**** AVAILABLE DATA ****
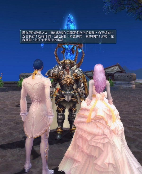 在慶典的最後,在自由港擁有著極高聲望、充滿堅毅不拔氣息的獅心騎士團副團長雷吉瓊斯,更將親自成為玩家愛情的見證人:「願你們的愛情之火,猶如閃耀在克蘭蒙多夜空的繁星,永不熄滅,亙古長存!」雷吉瓊斯會給予玩家白馬王子與
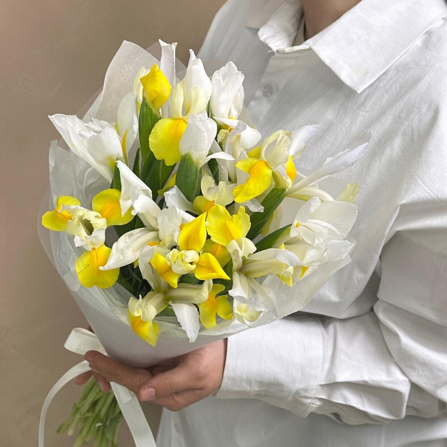 На фото букет из желтых и белых ирисов. В составе: ирис 15 шт, атласная лента 2 шт, дизайнерская упаковка 2 шт, . Все цветы свежие и ароматные, букет красиво оформлен и отлично подходит для подарка. Доступна доставка цветов или самовывоз.
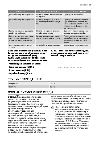 Если листать руководство пользователя духового шкафа Electrolux EOB 33300 X прямо на сайте, не очень удобно для Вас, есть два возможных решения:
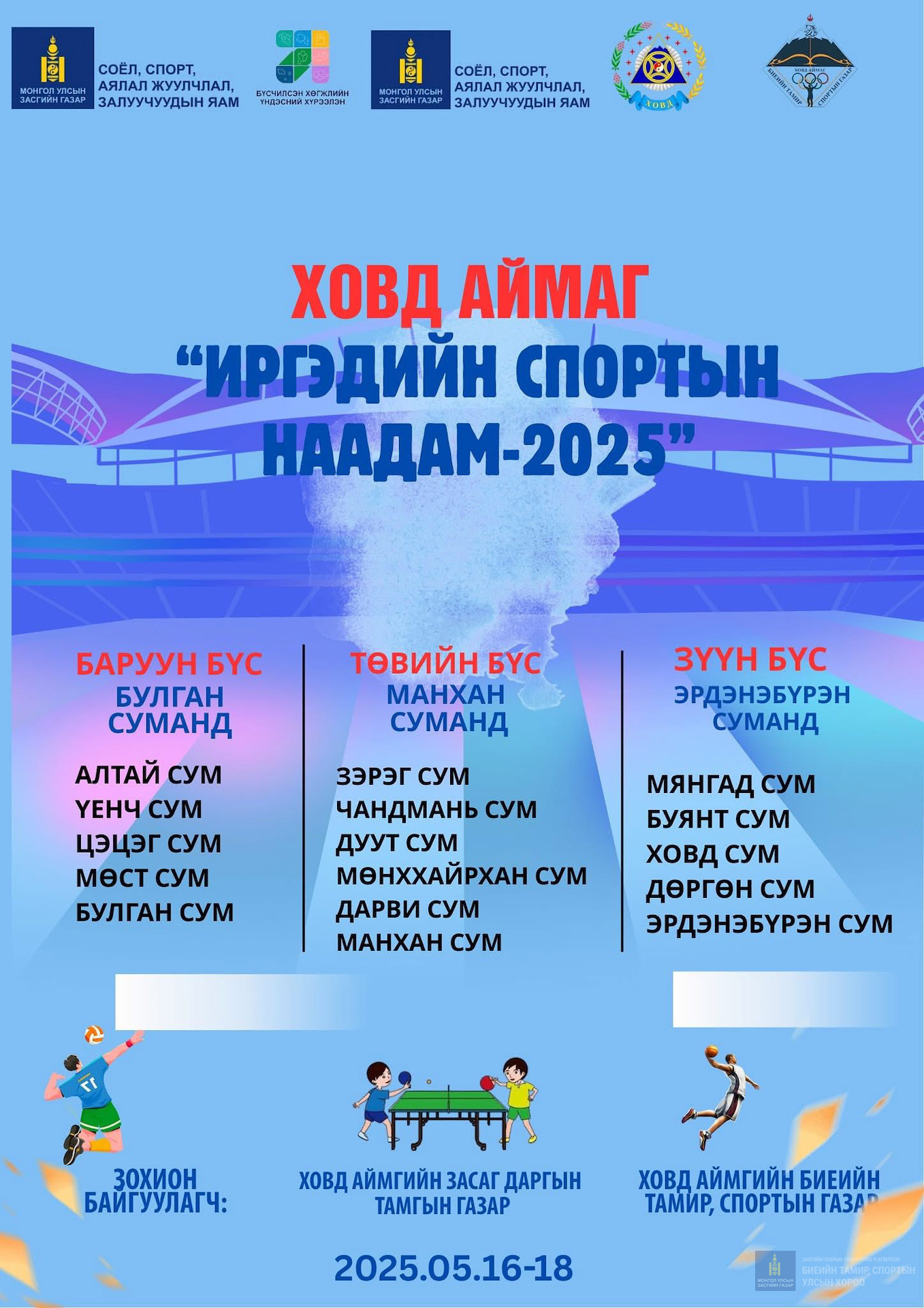 Монгол улсын бүсчилсэн хөгжлийн үзэл баримтлалд нийцүүлэн иргэдийн спортын их наадмыг спортын 7 төрлөөр 2025 оны 03 сарын 28 ны өдрөөс 06 сарын 30 ны өдрийн хооронд 4 үе шаттайгаар улсын хэмжээнд зохион байгуулахаар шийдвэрлэснээр Ховд аймгийн Засаг даргын зарирамж гарч 05 сарын 16 наас эхлэн сумдыг бүсчилсэн хэлбэрээр БТСГ- ын газрын ажлын хэсэг, бие бүрэлдэхүүн тухайн сумдын Засаг даргын тамгын газар холбогдох спортын нэгжүүдтэй хамтран зохион байгуулж дууслаа. Байгууллагын залуучууд ,дасгалжуулагч мэргэжилтнүүд маань шуурхай , ажил хэрэгч байдлаар газар дээр нь бүсийн тэмцээн болсон сумуудад ажиллаа.Хамтран зохион байгуулсан сумдын засаг дарга нар болон спортын ордон , сумдын арга зүйчид мэргэжилтэн нартай гүн талархал илэрхийлье.
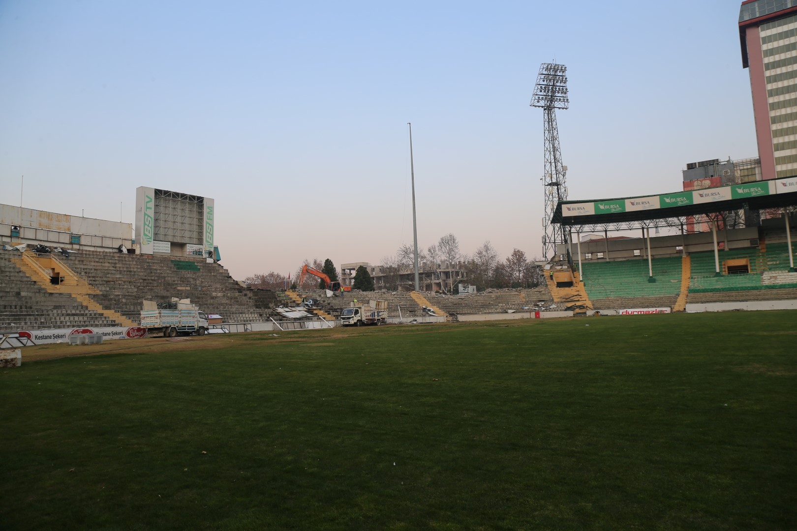 Bursa Büyükşehir Belediyesi tarafından yapılan, 400 bin metrekare proje alanı ve 190 bin metrekarelik inşaat alanıyla Bursa’nın en büyük anıtsal yapılarından biri olan yeni stadyumun geçtiğimiz yıl Cumhurbaşkanı Recep Tayyip Erdoğan tarafından hizmete açılmasının ardından, eski stadyumun bulunduğu alana yapılacak meydan projesinde yıkımlar başladı. Yapımı için 1926 yılında Atatürk’ün bizzat kendisinin 1000 lira bağışta bulunması, 1948 yılında buyana hem resmi törenlere ev sahipliği yapması hem de Bursaspor’un şampiyonluk başta olmak üzere elde ettiği birçok başarıya ev sahipliği yapması nedeniyle Bursa tarihinde aynı bir önemi bulunan stadyum doğal dokusu korunarak ile meydan projesinde yaşatılacak.
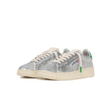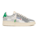 Turn heads with the Autry Dallas Glitter Silver/Green, a statement sneaker entirely covered in sparkling silver glitter, finished with a bold green heel tab for a striking contrast. Blending retro tennis inspiration with glamorous style, this low-top design features premium leather details, cushioned lining, and a durable rubber sole for everyday comfort. The perfect mix of shine, sport, and sophistication.
****
WORK TO BE COMPLETED = Write out, word for word, the lines from the start of the data through the one holding "На фото букет". Omit pictures.

SOLUTION TO THIS TASK =
 在慶典的最後,在自由港擁有著極高聲望、充滿堅毅不拔氣息的獅心騎士團副團長雷吉瓊斯,更將親自成為玩家愛情的見證人:「願你們的愛情之火,猶如閃耀在克蘭蒙多夜空的繁星,永不熄滅,亙古長存!」雷吉瓊斯會給予玩家白馬王子與
 На фото букет из желтых и белых ирисов. В составе: ирис 15 шт, атласная лента 2 шт, дизайнерская упаковка 2 шт, . Все цветы свежие и ароматные, букет красиво оформлен и отлично подходит для подарка. Доступна доставка цветов или самовывоз.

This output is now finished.